可以将文章内容翻译成中文,广告屏蔽插件可能会导致该功能失效(如失效,请关闭广告屏蔽插件后再试):
问题:
I have a data frame with MRN, dates, and a test value.
I need to select all the first rows per MRN that have three consecutive values above 0.5.
This is an example version of the data:
MRN Collected_Date ANC
1 001 2015-01-02 0.345
2 001 2015-01-03 0.532
3 001 2015-01-04 0.843
4 001 2015-01-05 0.932
5 002 2015-03-03 0.012
6 002 2015-03-05 0.022
7 002 2015-03-06 0.543
8 002 2015-03-07 0.563
9 003 2015-08-02 0.343
10 003 2015-08-03 0.500
11 003 2015-08-04 0.734
12 003 2015-08-05 0.455
13 004 2014-01-02 0.001
14 004 2014-01-03 0.500
15 004 2014-01-04 0.562
16 004 2014-01-05 0.503
Example code:
df <- data.frame(MRN = c('001','001','001','001',
'002','002','002','002',
'003','003','003','003',
'004','004','004','004'),
Collected_Date = as.Date(c('01-02-2015','01-03-2015','01-04-2015','01-05-2015',
'03-03-2015','03-05-2015','03-06-2015','03-07-2015',
'08-02-2015','08-03-2015','08-04-2015','08-05-2015',
'01-02-2014','01-03-2014','01-04-2014','01-05-2014'),
format = '%m-%d-%Y'),
ANC = as.numeric(c('0.345','0.532','0.843','0.932',
'0.012','0.022','0.543','0.563',
'0.343','0.500','0.734','0.455',
'0.001','0.500','0.562','0.503')))
Currently, I am using a very awkward approach using the lag function to calculate the date difference, then filter for all values >= 0.5, and then sum up the values, which helps to select the date of the THIRD value. I then substract two days to get the date of the first value:
df %>% group_by(MRN) %>%
mutate(., days_diff = abs(Collected_Date[1] - Collected_Date)) %>%
filter(ANC >= 0.5) %>%
mutate(days = days_diff + lag((days_diff))) %>%
filter(days == 5) %>%
mutate(Collected_Date = Collected_Date - 2) %>%
select(MRN, Collected_Date)
Output:
Source: local data frame [2 x 2]
Groups: MRN
MRN Collected_Date
1 001 2015-01-03
2 004 2014-01-03
There must be a way simpler / more elegant way. Also, it does not give accurate results if there are gaps between the test dates.

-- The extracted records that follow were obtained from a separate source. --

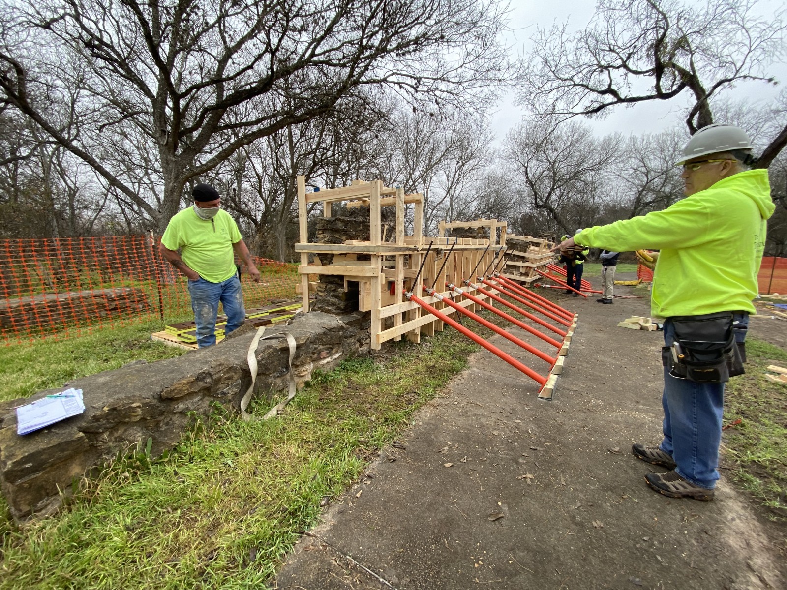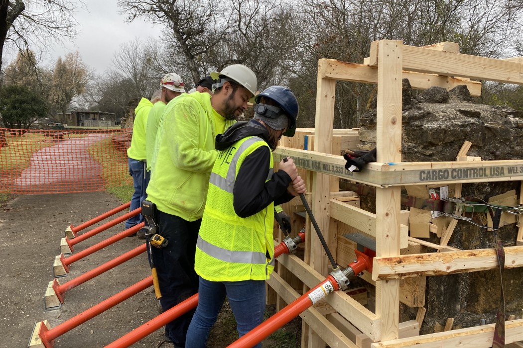 WJE was engaged by the repair contractor to provide engineering design, construction documents, and construction support services for the rotation and straightening of two sections of masonry wall comprising Mission Espada’s North Gate wall feature. As this is a National Historic Site, any modifications to its structures must comply with the Secretary of the Interior’s Standards for the Treatment of Historic Projects and be reviewed and approved by the Texas Historical Commission. Continuous archeological monitoring was required during ground disturbance activities.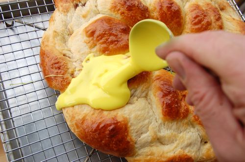 Brush it with more egg wash before it goes in. Bake for 20 minutes, rotate the pan, and bake about another 15 until it looks about like this. Sort of ugly, yes? But that’s what happens when you bake up a very yeasty, quick-raised bread. You get lots of expansion. The newly exposed areas don’t have egg wash on them, which means they don’t brown very well. But that’s why God created icing.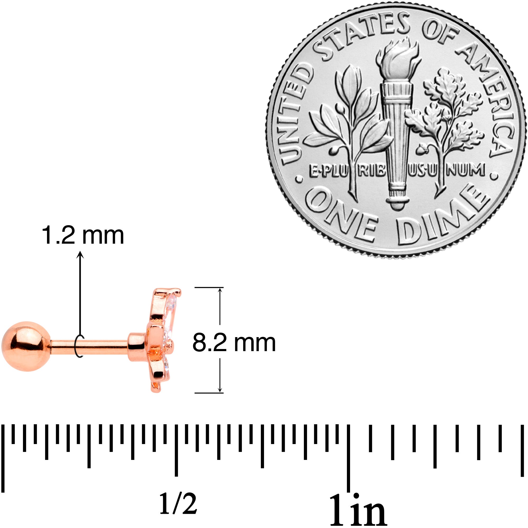 This flower has such a light and breezy look to it, you might almost expect it to float away! This 16 gauge cartilage stud is made with a 6mm rose gold tone plated over 316L surgical grade stainless steel straight barbell with a 4mm ball end. It features a flower charm with four of its five petals paved in small clear gems and the top petal set with a single clear gem. Even better, this beautiful blossom works well in multiple piercings, including tragus, helix, conch, and other cartilage piercings! Let flowers flourish in your piercing with this fanciful tragus stud!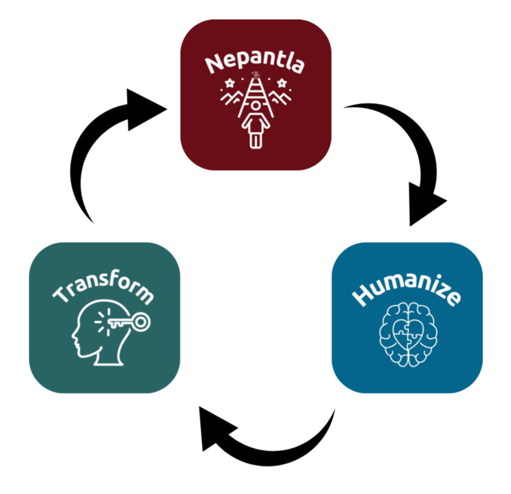 A Nahuatl (“Aztec” language) term connoting in between or a reference to the space of the middle. In other words, it is the space of uncertainty, tension between truths, and "grey area". We assert that growing in nepantla helps us form critical perspectives to better prepare our students.

My desired output for this example is:
MRN Collected_Date ANC
1 001 2015-01-03 0.532
2 004 2014-01-03 0.500
So if at least three consecutive test values are >= 0.5, the date of the FIRST value should be returned.
If there are not at least three consecutive values >= 0.5, NA should be returned.
Any help is greatly appreciated!
Thank you very much!
回答1:
The easiest way is to use the zoo
library in conjunction with dplyr
. Within the zoo
package there is a function called rollapply
, we can use this to calculate a function value for a window of time.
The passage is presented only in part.